§ **WHAT IS NEEDED**
Only one stretch of the data is wanted: the line containing "This image shows", the line containing "青に白い丸ラインのソリッドな", and every line between them, copied exactly.

§ **SUPPLIED ENTRIES**
··········

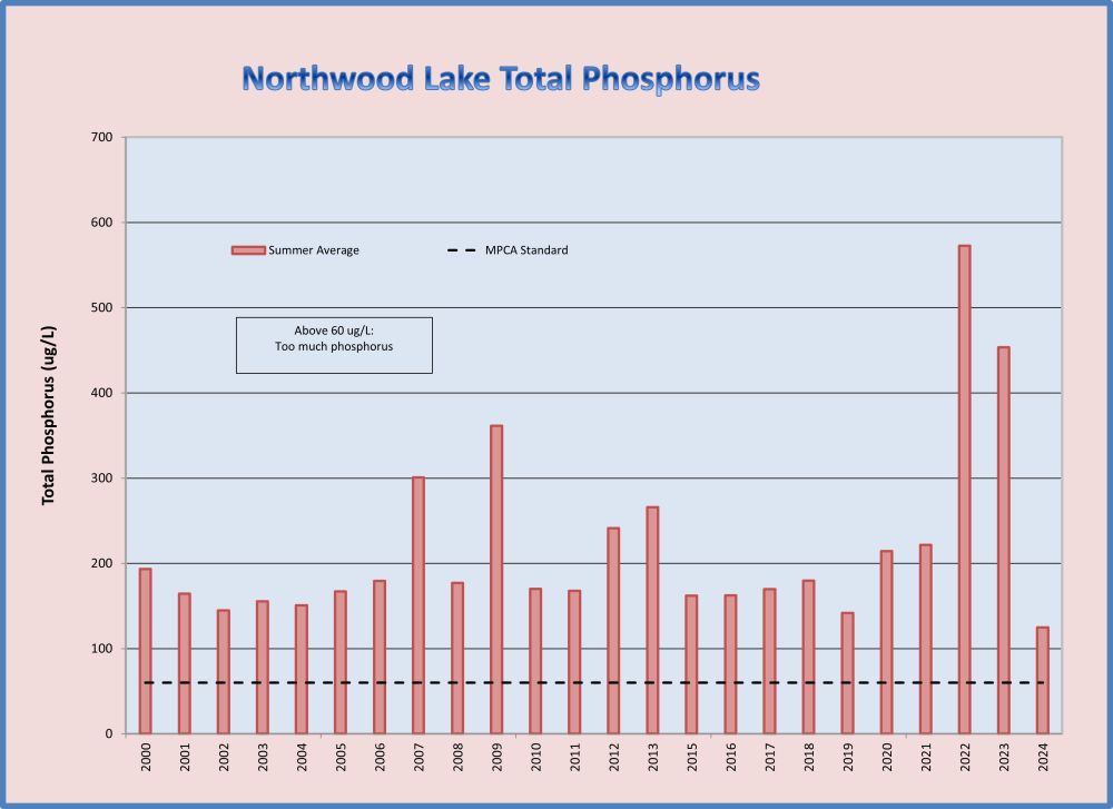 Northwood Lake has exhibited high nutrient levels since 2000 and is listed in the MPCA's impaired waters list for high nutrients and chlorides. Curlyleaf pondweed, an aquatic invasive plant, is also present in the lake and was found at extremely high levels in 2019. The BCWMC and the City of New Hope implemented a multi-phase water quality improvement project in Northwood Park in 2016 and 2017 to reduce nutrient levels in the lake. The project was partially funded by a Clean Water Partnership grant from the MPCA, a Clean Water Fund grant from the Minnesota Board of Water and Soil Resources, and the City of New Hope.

··········

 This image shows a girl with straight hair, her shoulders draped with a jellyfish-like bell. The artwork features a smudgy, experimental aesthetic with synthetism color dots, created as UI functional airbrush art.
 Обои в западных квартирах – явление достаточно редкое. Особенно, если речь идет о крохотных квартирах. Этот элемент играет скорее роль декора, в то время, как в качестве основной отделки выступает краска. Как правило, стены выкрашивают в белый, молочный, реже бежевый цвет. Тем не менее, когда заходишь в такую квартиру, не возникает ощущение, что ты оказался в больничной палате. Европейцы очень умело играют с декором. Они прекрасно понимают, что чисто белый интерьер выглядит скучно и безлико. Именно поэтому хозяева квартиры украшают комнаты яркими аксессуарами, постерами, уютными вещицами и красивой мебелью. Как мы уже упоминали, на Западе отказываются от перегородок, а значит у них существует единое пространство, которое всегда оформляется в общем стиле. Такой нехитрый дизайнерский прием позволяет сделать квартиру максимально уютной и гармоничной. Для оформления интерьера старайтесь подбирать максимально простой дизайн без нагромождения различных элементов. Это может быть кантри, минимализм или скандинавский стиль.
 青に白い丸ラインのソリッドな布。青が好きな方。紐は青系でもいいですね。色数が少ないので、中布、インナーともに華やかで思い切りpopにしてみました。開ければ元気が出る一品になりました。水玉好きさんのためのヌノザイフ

··········

§ **WRITTEN SOLUTION**
 This image shows a girl with straight hair, her shoulders draped with a jellyfish-like bell. The artwork features a smudgy, experimental aesthetic with synthetism color dots, created as UI functional airbrush art.
 Обои в западных квартирах – явление достаточно редкое. Особенно, если речь идет о крохотных квартирах. Этот элемент играет скорее роль декора, в то время, как в качестве основной отделки выступает краска. Как правило, стены выкрашивают в белый, молочный, реже бежевый цвет. Тем не менее, когда заходишь в такую квартиру, не возникает ощущение, что ты оказался в больничной палате. Европейцы очень умело играют с декором. Они прекрасно понимают, что чисто белый интерьер выглядит скучно и безлико. Именно поэтому хозяева квартиры украшают комнаты яркими аксессуарами, постерами, уютными вещицами и красивой мебелью. Как мы уже упоминали, на Западе отказываются от перегородок, а значит у них существует единое пространство, которое всегда оформляется в общем стиле. Такой нехитрый дизайнерский прием позволяет сделать квартиру максимально уютной и гармоничной. Для оформления интерьера старайтесь подбирать максимально простой дизайн без нагромождения различных элементов. Это может быть кантри, минимализм или скандинавский стиль.
 青に白い丸ラインのソリッドな布。青が好きな方。紐は青系でもいいですね。色数が少ないので、中布、インナーともに華やかで思い切りpopにしてみました。開ければ元気が出る一品になりました。水玉好きさんのためのヌノザイフ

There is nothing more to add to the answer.